Bence Lukas Moodysson bu son filmiyle, bir yandan Avrupa sinemasının sınırları ne denli zorlayabileceğine ilişkin sağlam bir örnek sunuyor bir yandan da tüm dünyadaki sineme seyircisinin, karamsar bir cevaptan yola çıkarak günlük hayatımızdaki şiddet, seks, modern dünyadaki insanları yalnızlığı, avrupa halklarının bugünü, insan bedenini metalaşma sürecinin bugün vardığı noktalar gibi temel soru ve sorunlar üzerine kafa yormasını sağlıyor
insanı aşırı derecede rahatsız eden, toplum dejenerasyonunu gözümüze gözümüze sokan film. ticari başarı güdüsüyle çekilmiş bir film olmadığı apaçık ortada zaten.

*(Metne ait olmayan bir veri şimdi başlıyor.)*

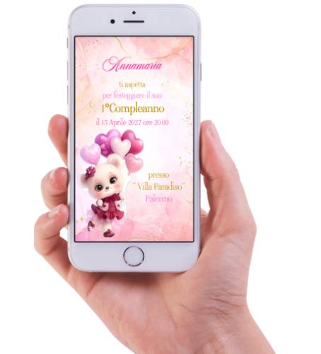 INVITO DIGITALE COMPLEANNO ORSETTO PALLONCINI

tam bir modern zaman eleştirisi olan, absürd, sansürsüz isveç filmi. filmdeki karakterlerin mutsuz, umutsuz, bir çok şeyden artık bıkıp, elini eteğini çekmiş kişiler olarak gösterilmesi nedeniyle, izlerken insanın moralini bozar, kusma sahnelerinin de etkisiyle, bitince hiç bir şey yapasınız gelmez. bunlara rağmen, filmin yönetmeni lukas moodyssson'un bence güzel bi anlatımı vardı filmde. karakterlerin bireysel konuşmalarıyla görünenle aslında kim oldukları arasındaki fark da gayet güzel yansıtılmış ama film porno yönetmeni ve oyuncularıyla geçtiğinden haliyle ortada gözükenler bi garip.
--spoiler--
garip diyorum çünkü 2 oyuncunun pipileri direk gözler önüne seriliyo ve o nedir ya?! 3 cm mi desem 5 cm mi?! o nedir ya?! ben olsam reddeder, oynamazdım o kadarcık pipiyle. ayrıca kendi oğlunun elinden bir bardak su içen babanın, suyun klozetten geldiği hakkında en ufuk bir fikri yoktu, o da ayrı bi iğrençliğiydi filmin. kızın ağzına kusmalar falan. böğk!
--spoiler--
ne zaman şöyle "normal" bir isveç filmi görürüm bilmem. ama bütünü itibariyle değerlendirecek olursam izleyin derim, bi şey kaybetmezsiniz. çeşit görürsünüz en azından.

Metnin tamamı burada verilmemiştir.